**Raw data**.
== Segment start ==

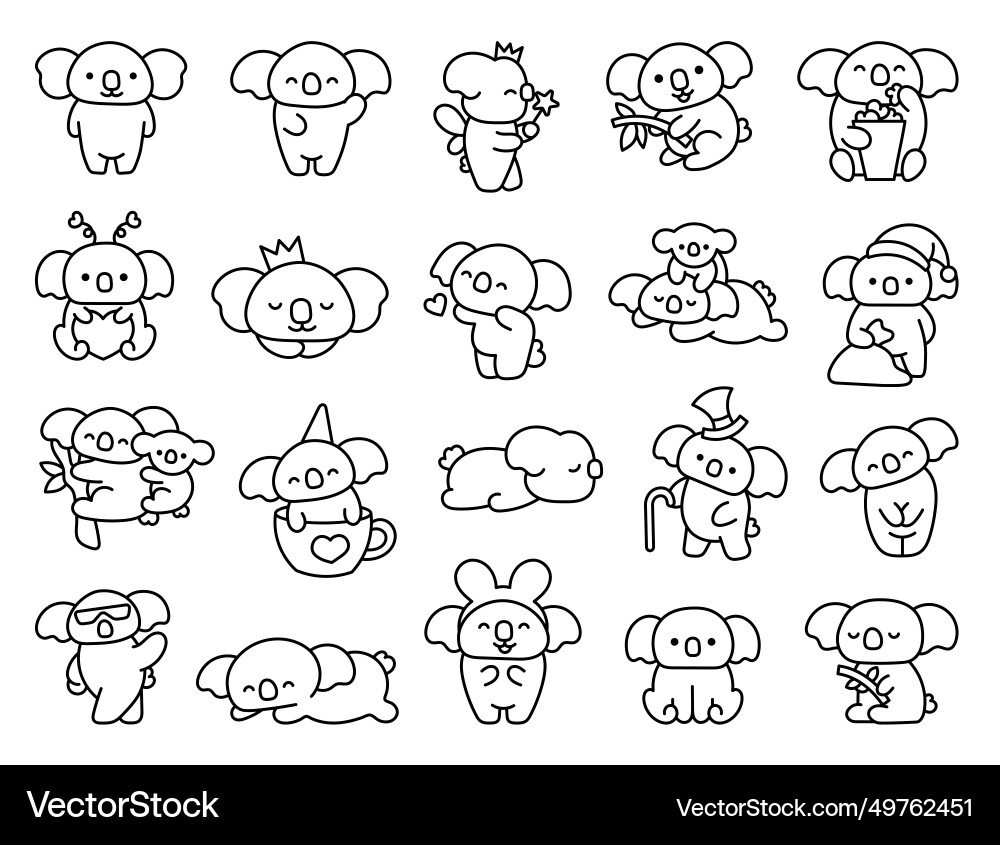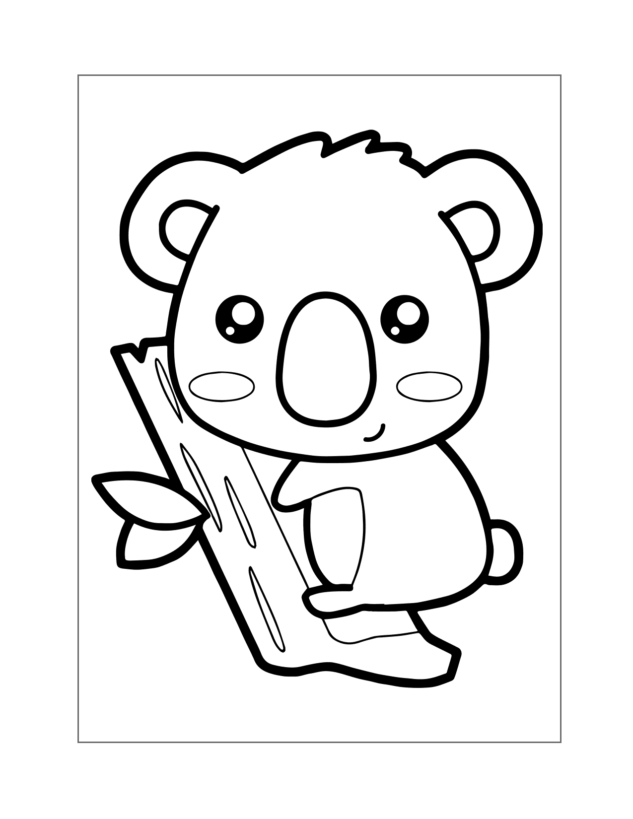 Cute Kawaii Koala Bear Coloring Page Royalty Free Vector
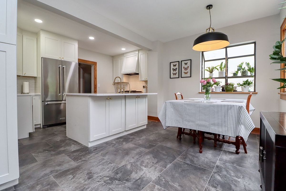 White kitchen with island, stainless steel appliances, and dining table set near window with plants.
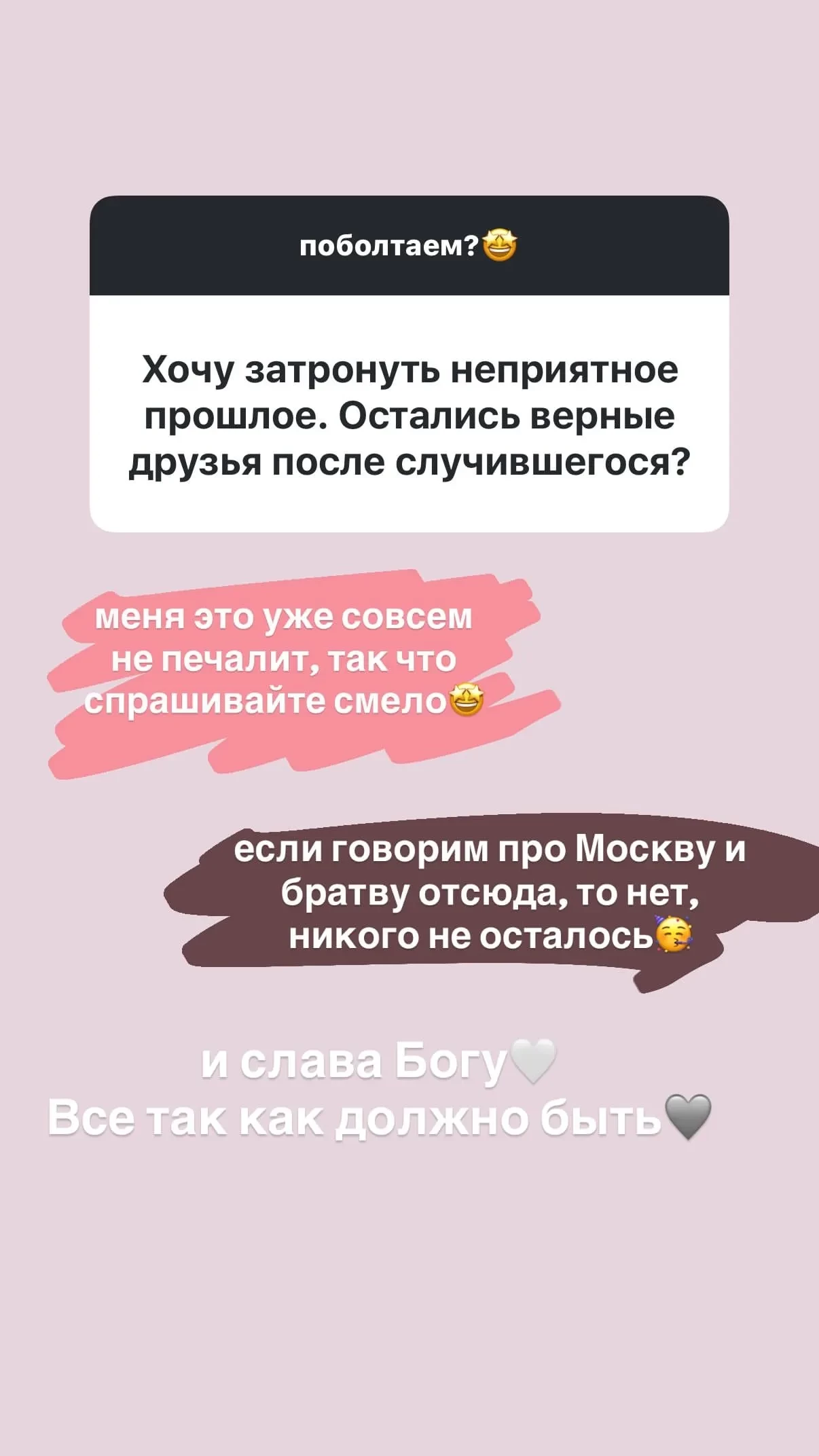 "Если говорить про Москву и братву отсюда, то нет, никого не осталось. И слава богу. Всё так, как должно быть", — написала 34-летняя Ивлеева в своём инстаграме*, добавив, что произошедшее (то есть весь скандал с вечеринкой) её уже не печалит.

== Segment end ==

**The task**. Could you repeat all of the data exactly, minus the pictures?

**Answer for this exercise**.
 Cute Kawaii Koala Bear Coloring Page Royalty Free Vector
 White kitchen with island, stainless steel appliances, and dining table set near window with plants.
 "Если говорить про Москву и братву отсюда, то нет, никого не осталось. И слава богу. Всё так, как должно быть", — написала 34-летняя Ивлеева в своём инстаграме*, добавив, что произошедшее (то есть весь скандал с вечеринкой) её уже не печалит.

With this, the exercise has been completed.